*** Dataset section Section Begins ***
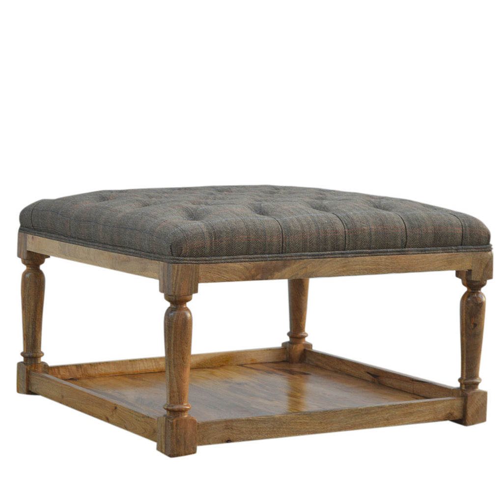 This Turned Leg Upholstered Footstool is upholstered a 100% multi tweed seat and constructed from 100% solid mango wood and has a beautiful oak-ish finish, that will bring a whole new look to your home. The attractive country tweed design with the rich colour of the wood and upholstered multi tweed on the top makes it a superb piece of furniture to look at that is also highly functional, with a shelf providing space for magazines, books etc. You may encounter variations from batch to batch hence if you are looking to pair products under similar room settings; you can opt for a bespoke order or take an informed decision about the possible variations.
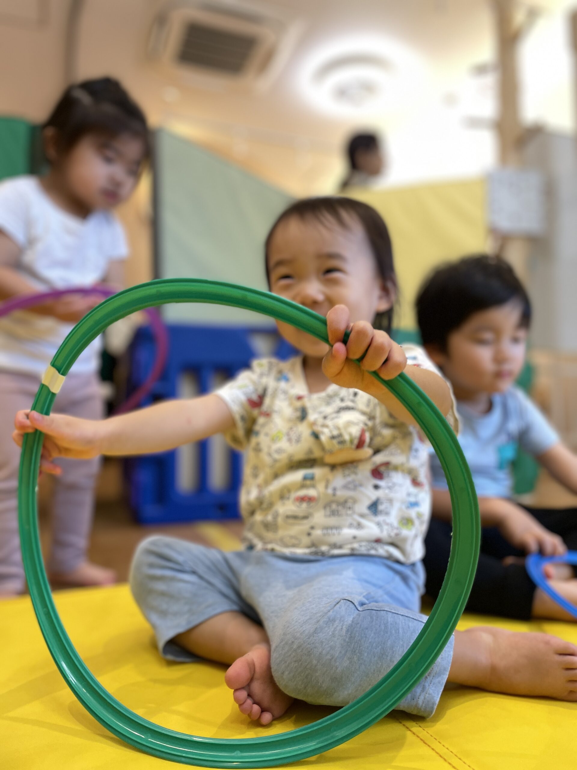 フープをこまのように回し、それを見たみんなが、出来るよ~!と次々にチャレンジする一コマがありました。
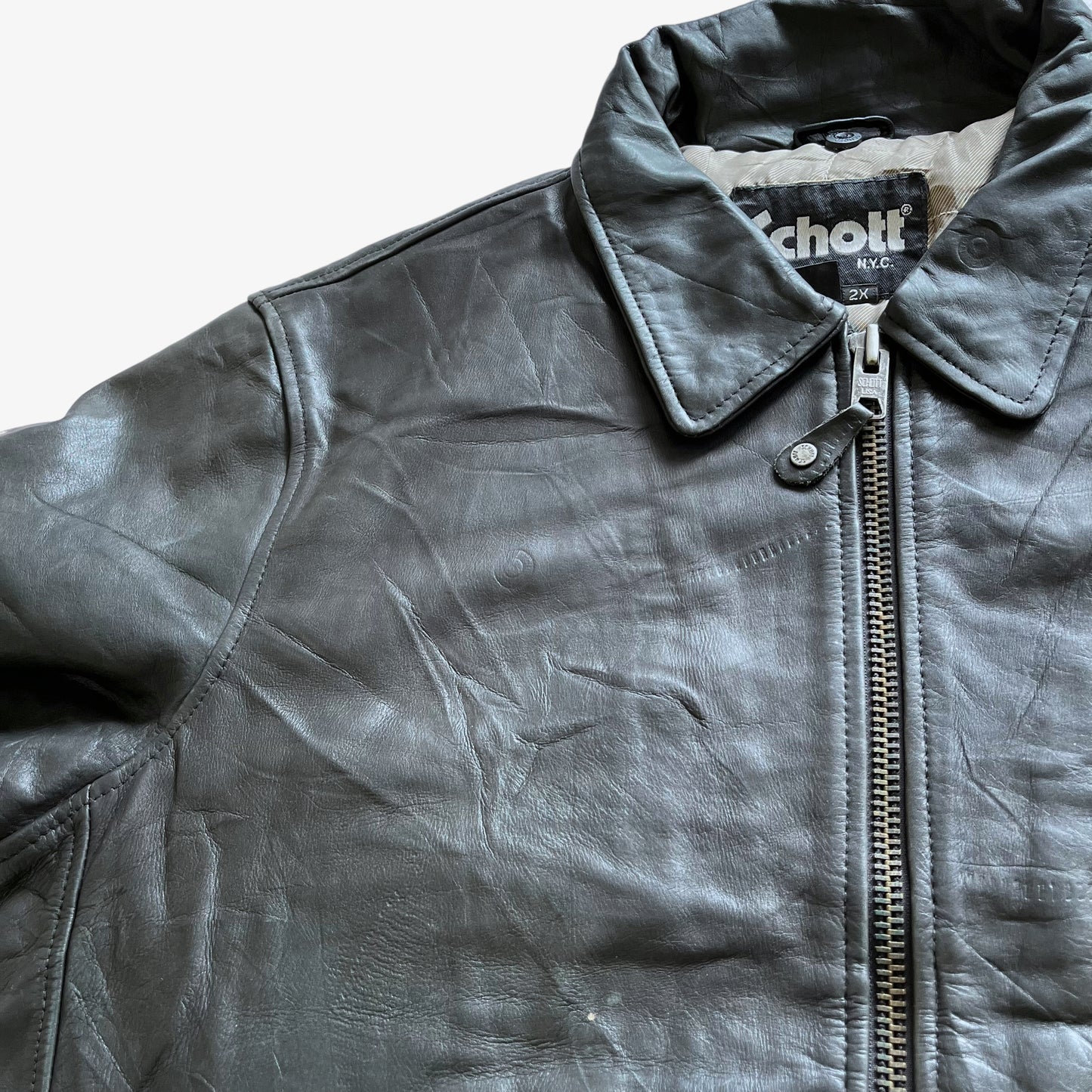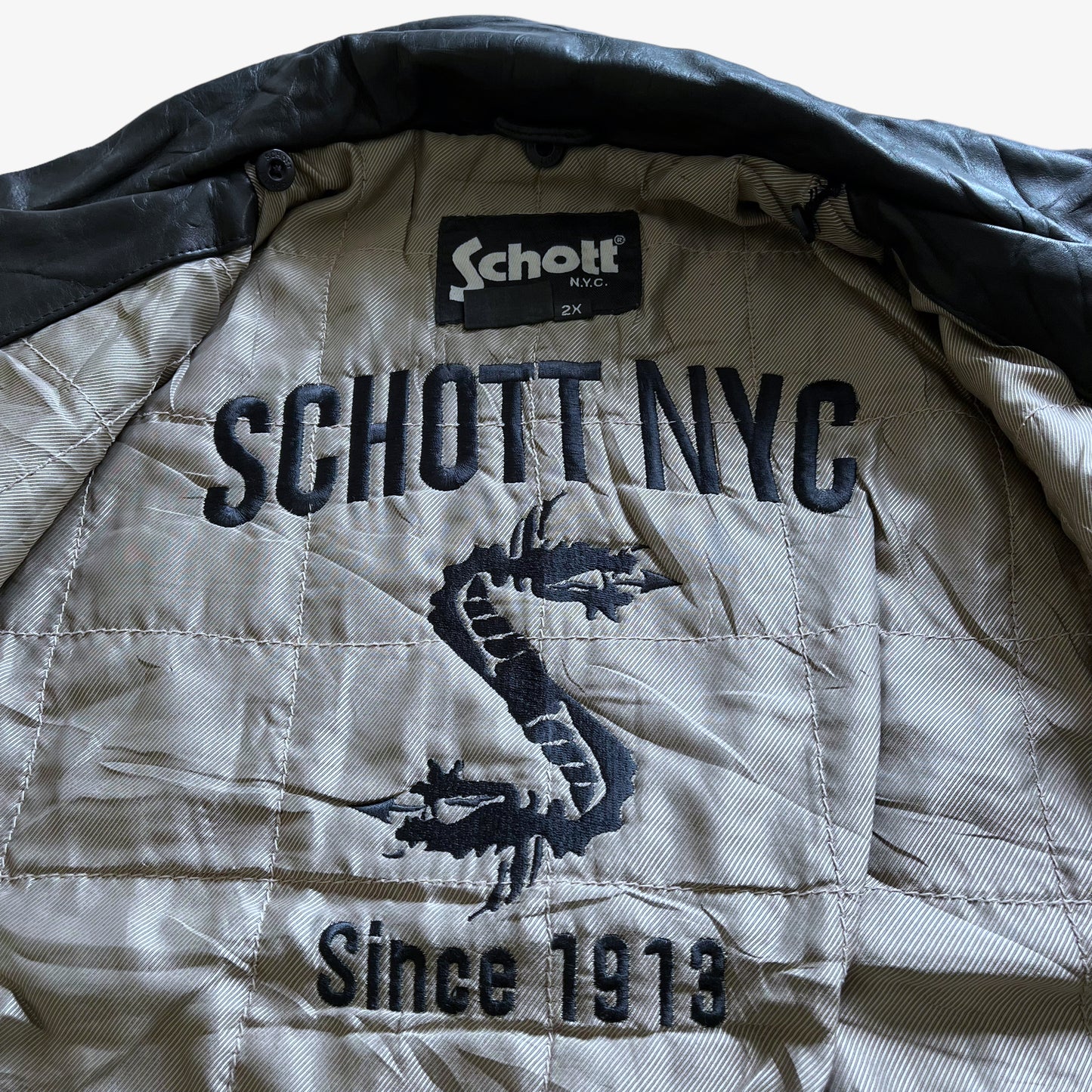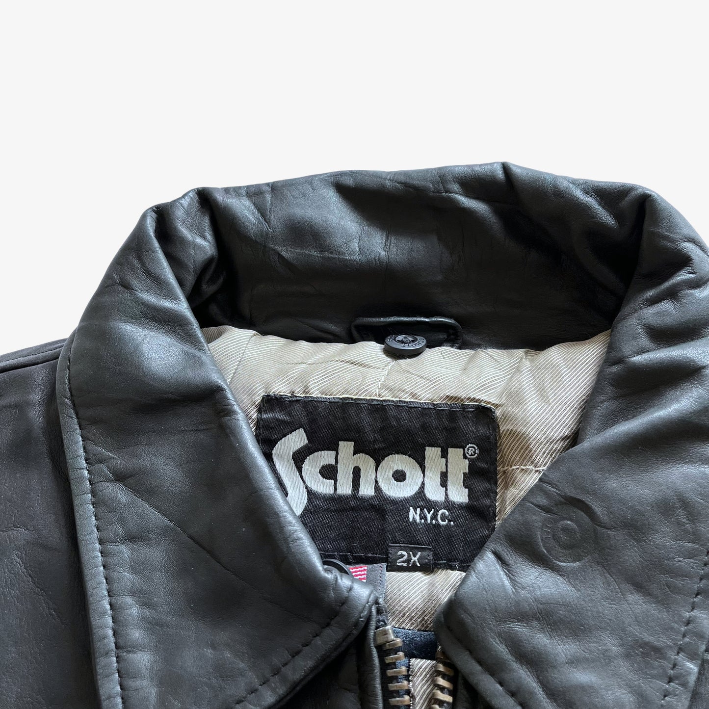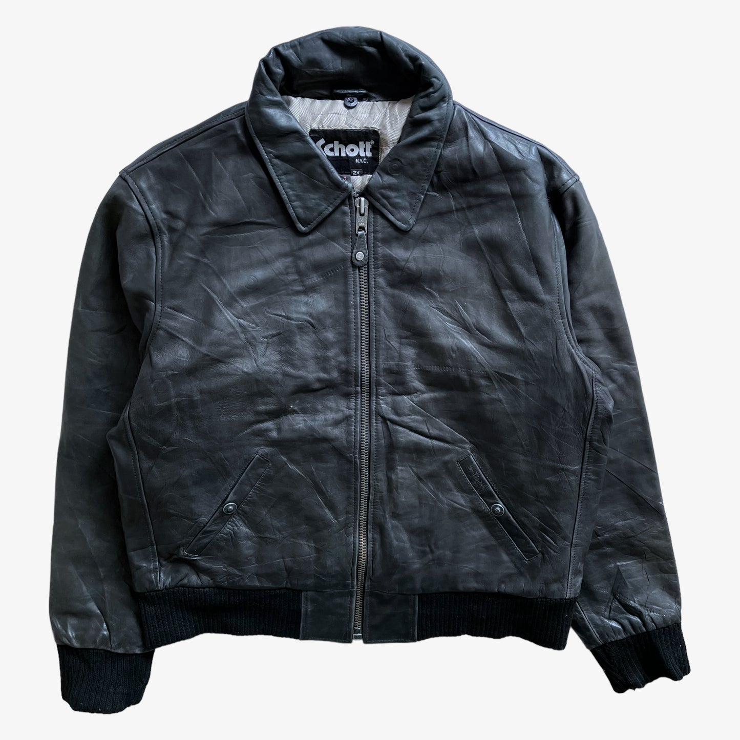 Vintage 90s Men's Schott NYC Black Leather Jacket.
*** Dataset section Section Ends ***
# Instructions to follow
Word for word, restate the material above; do not carry over the pictures.

# Answer to the exercise
 This Turned Leg Upholstered Footstool is upholstered a 100% multi tweed seat and constructed from 100% solid mango wood and has a beautiful oak-ish finish, that will bring a whole new look to your home. The attractive country tweed design with the rich colour of the wood and upholstered multi tweed on the top makes it a superb piece of furniture to look at that is also highly functional, with a shelf providing space for magazines, books etc. You may encounter variations from batch to batch hence if you are looking to pair products under similar room settings; you can opt for a bespoke order or take an informed decision about the possible variations.
 フープをこまのように回し、それを見たみんなが、出来るよ~!と次々にチャレンジする一コマがありました。
 Vintage 90s Men's Schott NYC Black Leather Jacket.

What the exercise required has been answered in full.